### WORK REQUIRED
Return the listing exactly as it appears, but strip out the images.

--- RECORDS SHOWN ---

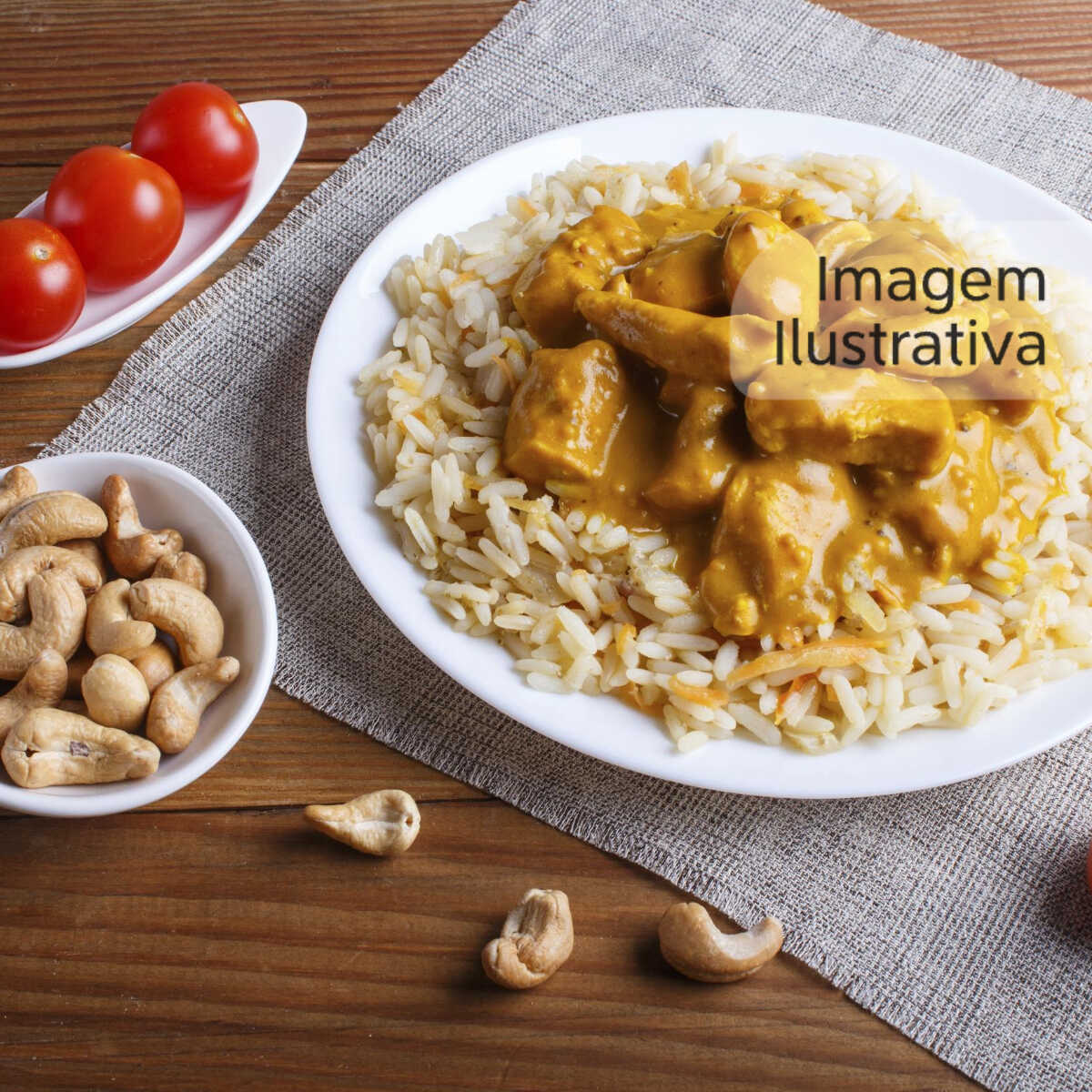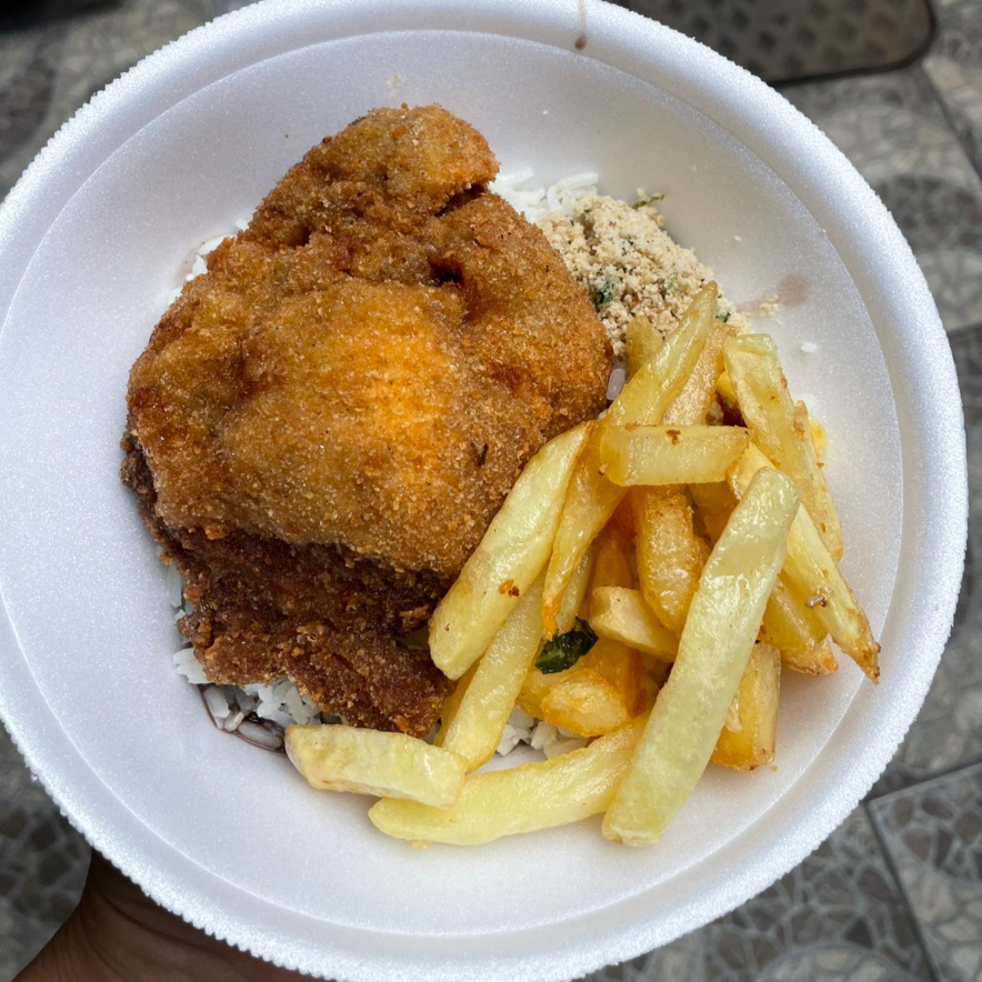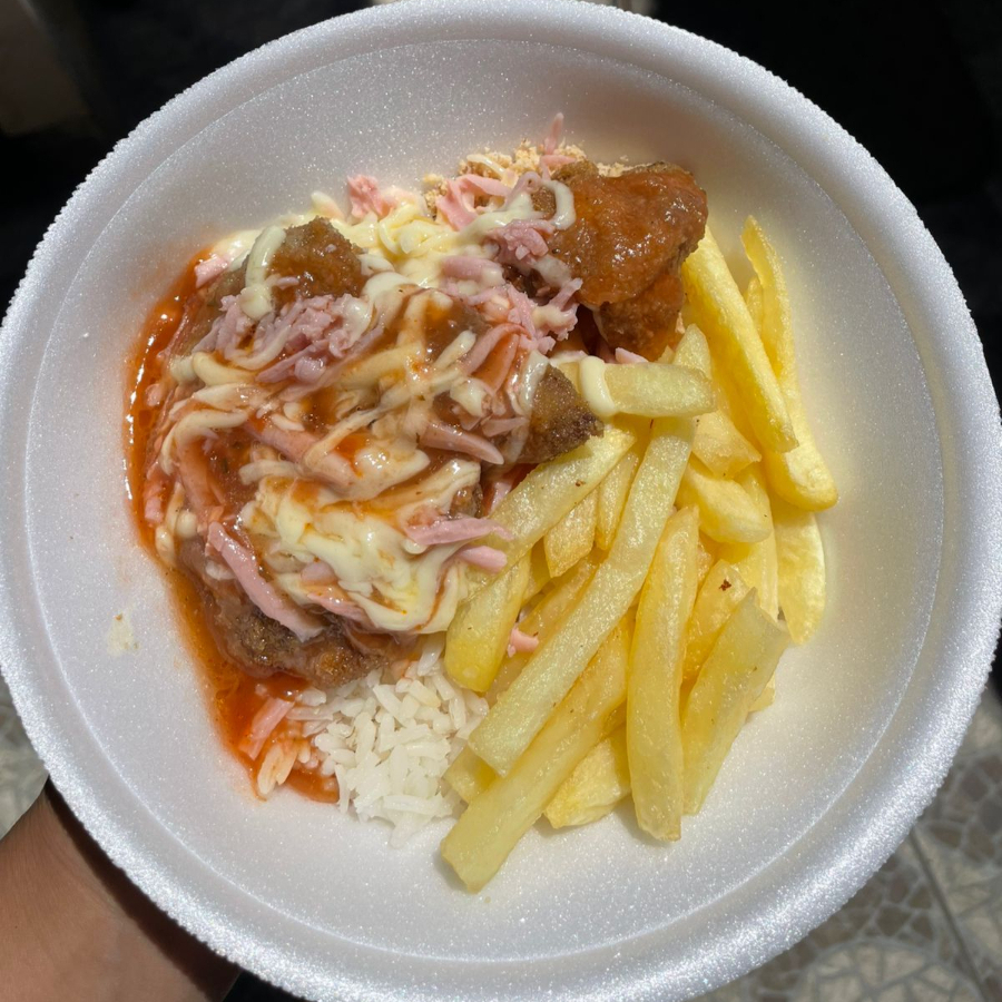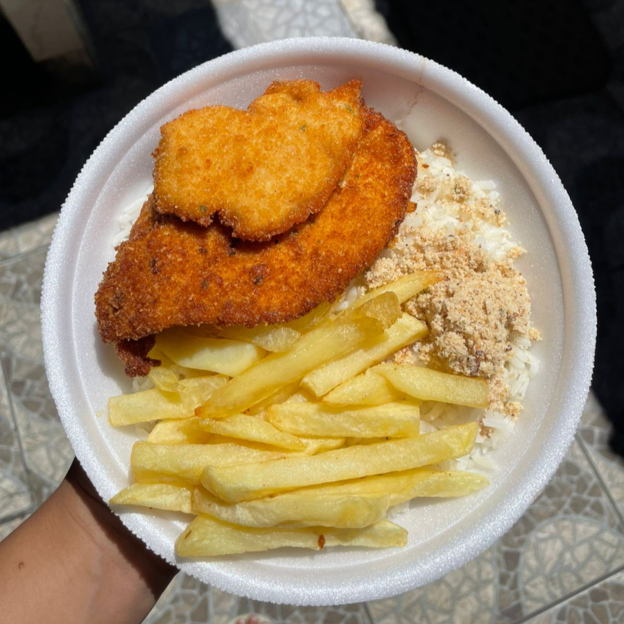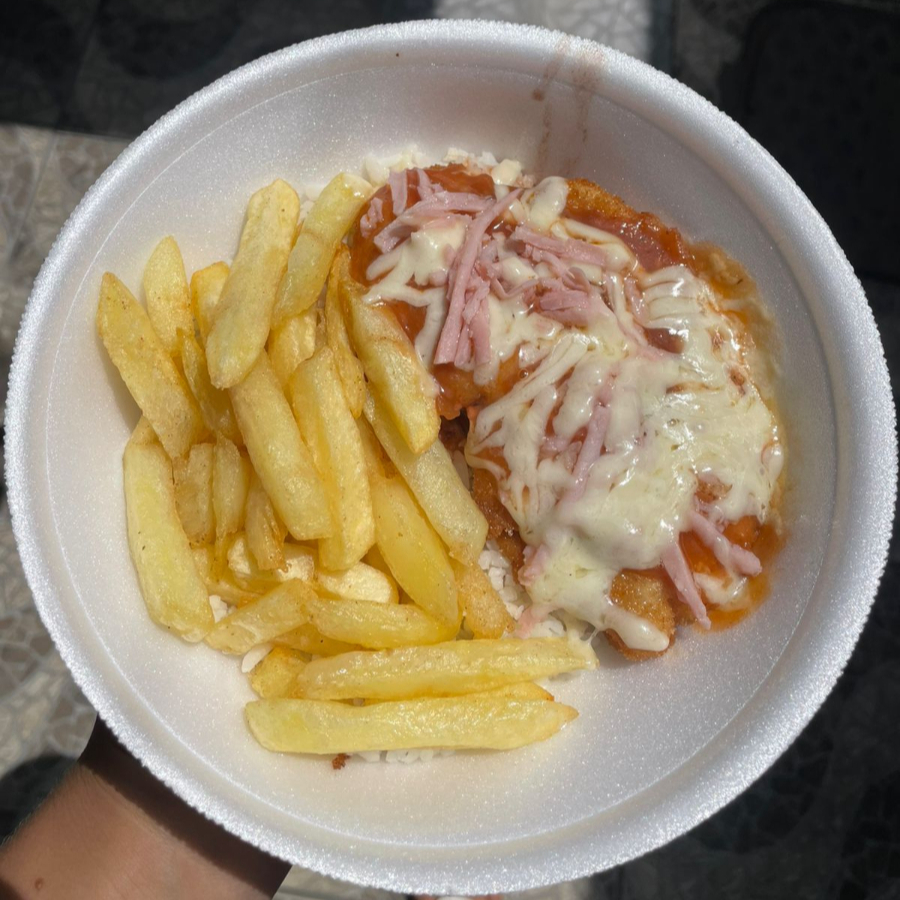 Arroz, feijão, farofa, peito de frango empanado, finalizado com molho de tomate, mussarela e presunto.
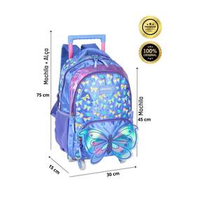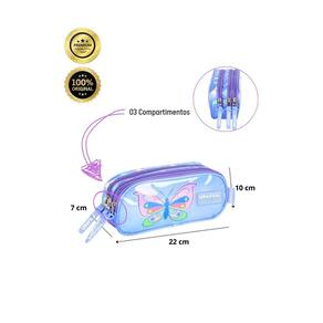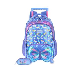 Kit escolar luxo mochila 2em1 rodas costas+ estojo triplo borboleta mochila de rodas e costas:
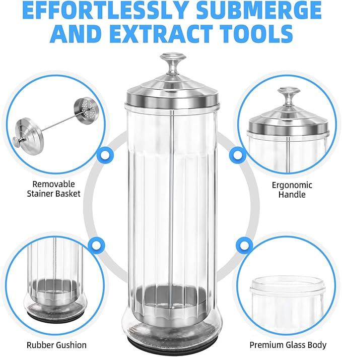 This 1500ml Barber Disinfecting Jar is made of durable stainless steel and glass, ensuring safe and effective sterilization for salon tools and accessories. Its transparent design allows easy visibility of contents, while its professional-grade quality makes it ideal for disinfecting nail tools, combs, and brushes. This product combines functionality, reliability, and convenience.
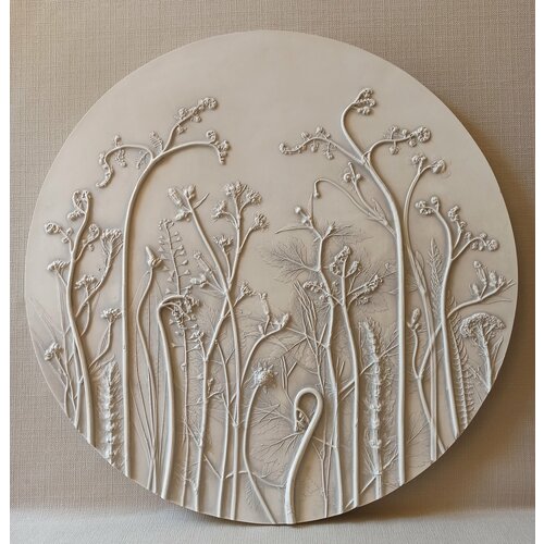 Ботанический барельеф - это изысканное решение для декора Вашего интерьера. Изготовленное вручную, панно представляет собой оттиск живых растений, который повторяет все тонкости их рельефа. Барельеф выполнен из высокопрочного гипса. Использованы лесные растения. Диаметр 49 см, цвет серый, есть подвес для размещения на стене. Наиболее эффектно рельеф растений подчёркивает боковой свет. Мягкие оттенки и изящные линии делают это панно прекрасным подарком для любого случая и дарят эстетическое удовольствие своему обладателю. Ботанический барельеф - это не просто украшение, но и способ выразить свою любовь к природе.
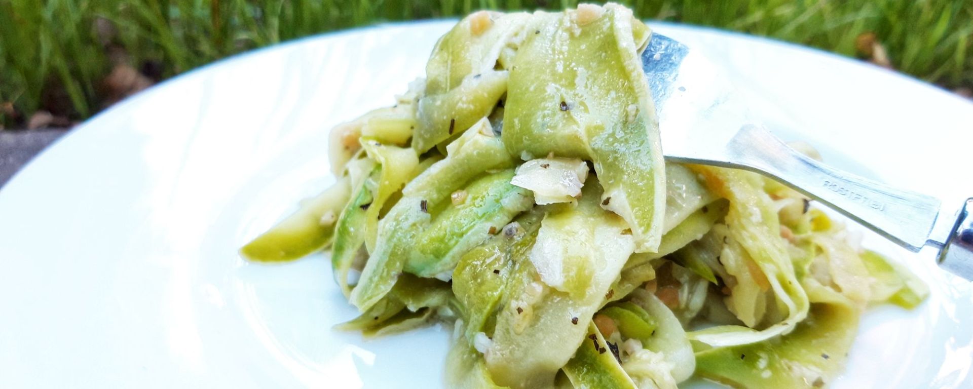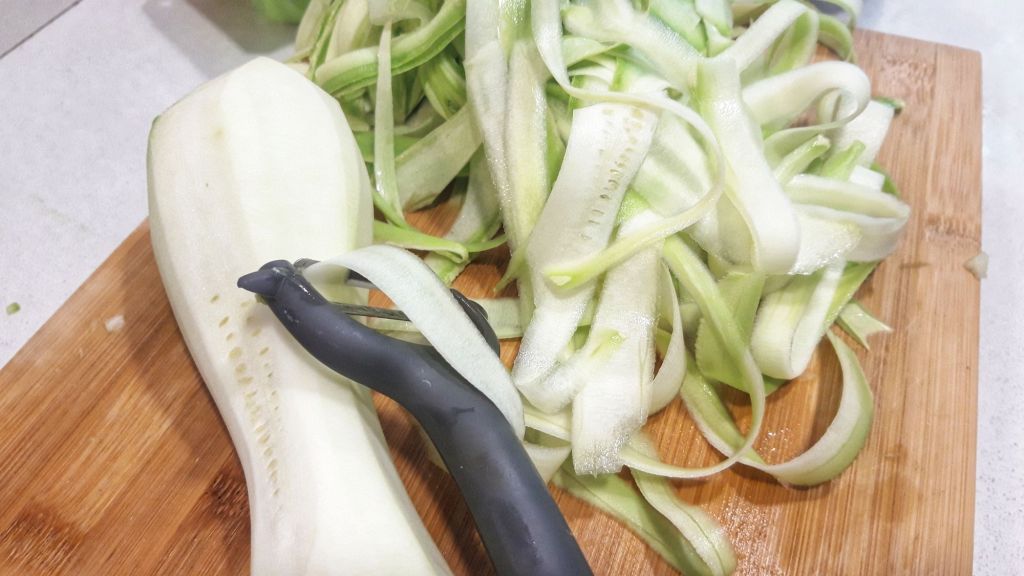 Singura parte complicata a retetei de paste de dovlecei este taierea lor, restul e gata in 10 minute! Am optat pentru varianta la indemana, dar mai lunga si am taiat fasiile de dovlecei cu peelerul de bucatarie. E mai rapid daca aveti un robot de bucatarie;)
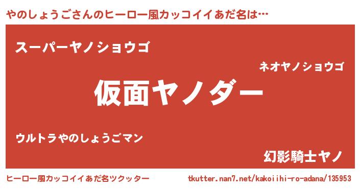 | 男性向けラノベタイトル風あだ名 | 『この素晴らしい世界にやのしょうごを!』 |
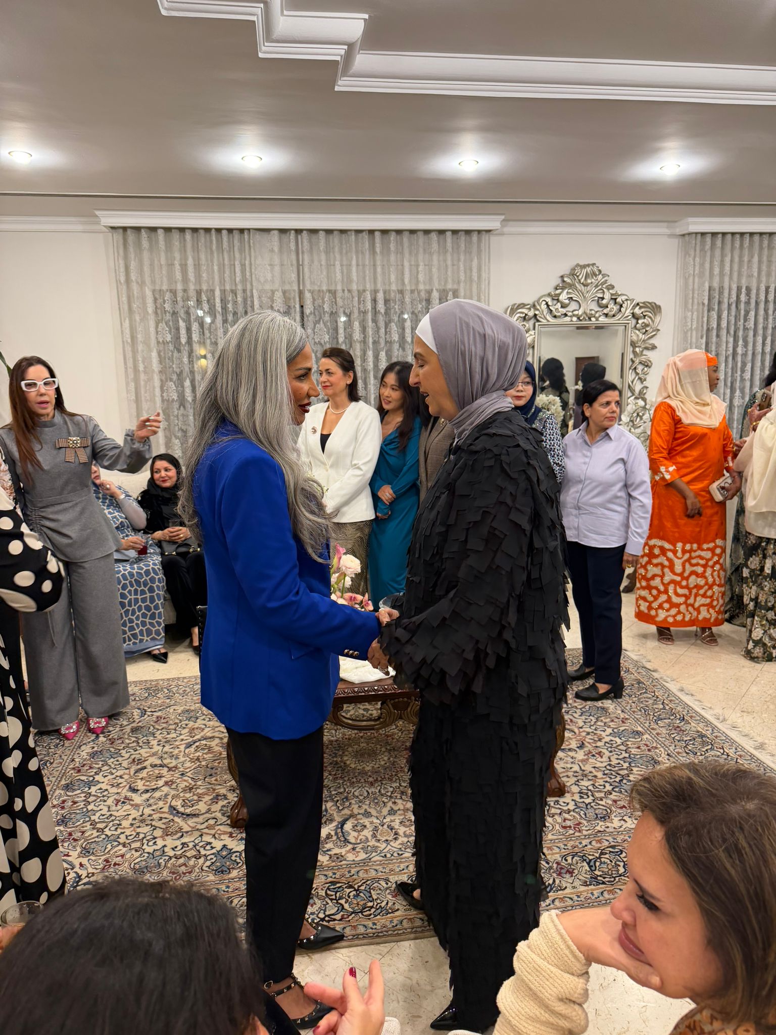 Mrs. Rana Abu Shakra, spouse of the Jordanian Ambassador to the State of Kuwait, H.E. Sinan Al-Majali, hosted a reception in honor of Mrs. Lana Al-Ayyar, spouse of His Excellency the Minister of Foreign Affairs, Mr. Abdullah Al-Yahya, and Honorary President of the International Diplomatic Club in Kuwait.
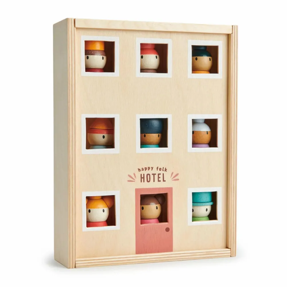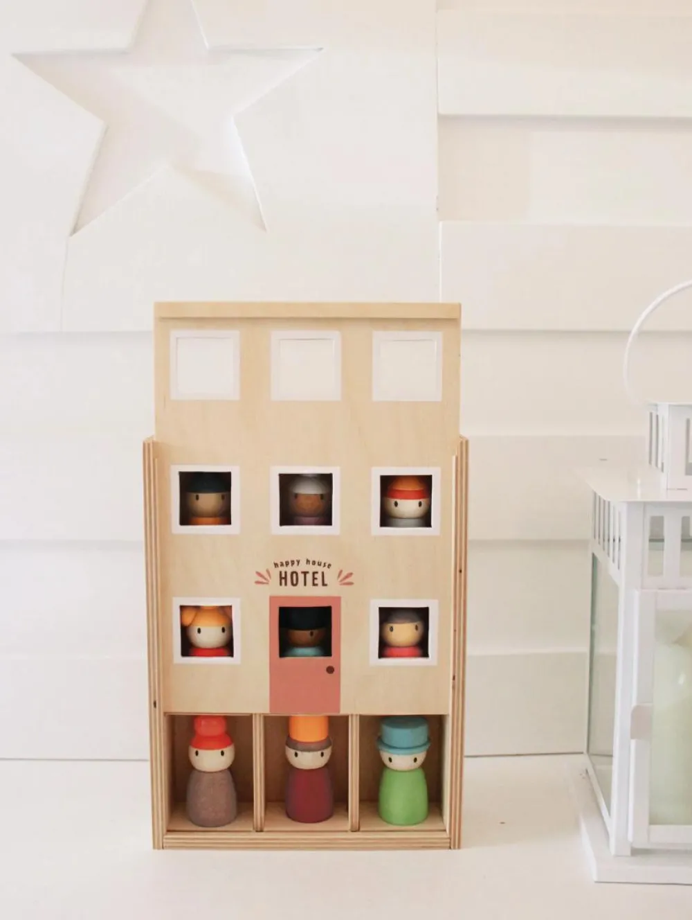 Figurer i æsken kan kigge ud af vinduerne, når dit barn lader hotellets frontfacade glide på plads. Mon alle er “hjemme”, hvor de på skift kan besøgerhinanden mellem etagerne. Måske er nogle stykker – eller hele bundtet – ude på tur.
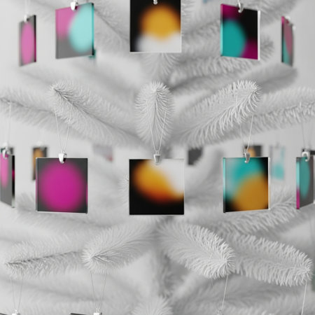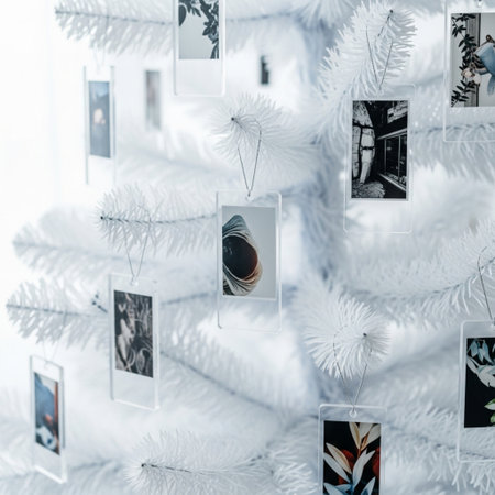 A cluster of various photographs adorning the branches of a tree, creating a unique display, Polaroids hanging from a tree depicting fun birthday memories, AI Generated
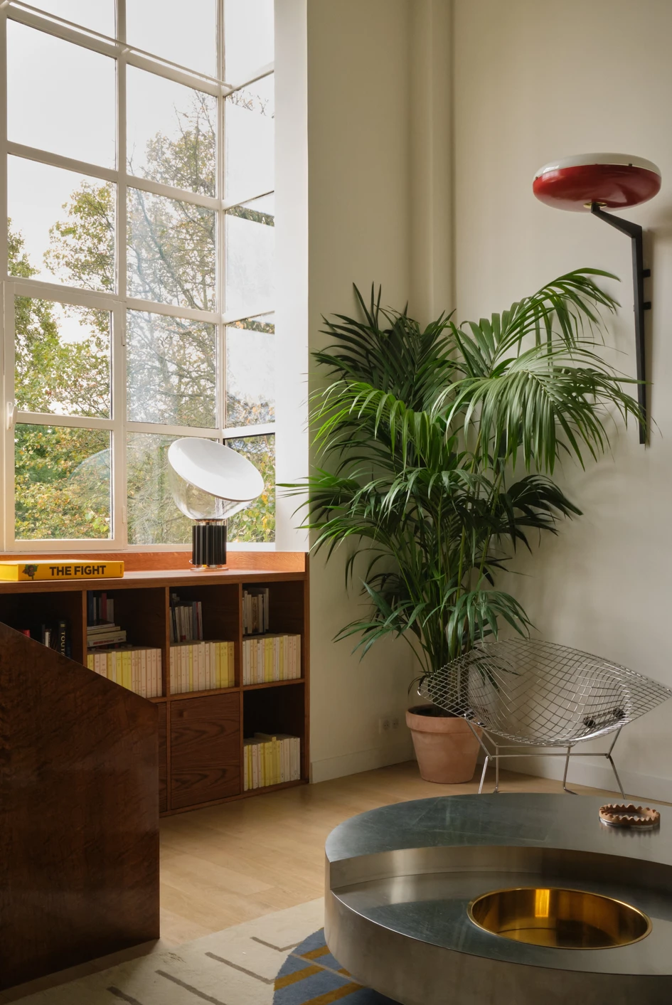 The stairwell is lined with Pierre Frey natural fiber wallpaper Wever & Ducre wall lamps.

---

### WRITTEN RESPONSE
 Arroz, feijão, farofa, peito de frango empanado, finalizado com molho de tomate, mussarela e presunto.
 Kit escolar luxo mochila 2em1 rodas costas+ estojo triplo borboleta mochila de rodas e costas:
 This 1500ml Barber Disinfecting Jar is made of durable stainless steel and glass, ensuring safe and effective sterilization for salon tools and accessories. Its transparent design allows easy visibility of contents, while its professional-grade quality makes it ideal for disinfecting nail tools, combs, and brushes. This product combines functionality, reliability, and convenience.
 Ботанический барельеф - это изысканное решение для декора Вашего интерьера. Изготовленное вручную, панно представляет собой оттиск живых растений, который повторяет все тонкости их рельефа. Барельеф выполнен из высокопрочного гипса. Использованы лесные растения. Диаметр 49 см, цвет серый, есть подвес для размещения на стене. Наиболее эффектно рельеф растений подчёркивает боковой свет. Мягкие оттенки и изящные линии делают это панно прекрасным подарком для любого случая и дарят эстетическое удовольствие своему обладателю. Ботанический барельеф - это не просто украшение, но и способ выразить свою любовь к природе.
 Singura parte complicata a retetei de paste de dovlecei este taierea lor, restul e gata in 10 minute! Am optat pentru varianta la indemana, dar mai lunga si am taiat fasiile de dovlecei cu peelerul de bucatarie. E mai rapid daca aveti un robot de bucatarie;)
 | 男性向けラノベタイトル風あだ名 | 『この素晴らしい世界にやのしょうごを!』 |
 Mrs. Rana Abu Shakra, spouse of the Jordanian Ambassador to the State of Kuwait, H.E. Sinan Al-Majali, hosted a reception in honor of Mrs. Lana Al-Ayyar, spouse of His Excellency the Minister of Foreign Affairs, Mr. Abdullah Al-Yahya, and Honorary President of the International Diplomatic Club in Kuwait.
 Figurer i æsken kan kigge ud af vinduerne, når dit barn lader hotellets frontfacade glide på plads. Mon alle er “hjemme”, hvor de på skift kan besøgerhinanden mellem etagerne. Måske er nogle stykker – eller hele bundtet – ude på tur.
 A cluster of various photographs adorning the branches of a tree, creating a unique display, Polaroids hanging from a tree depicting fun birthday memories, AI Generated
 The stairwell is lined with Pierre Frey natural fiber wallpaper Wever & Ducre wall lamps.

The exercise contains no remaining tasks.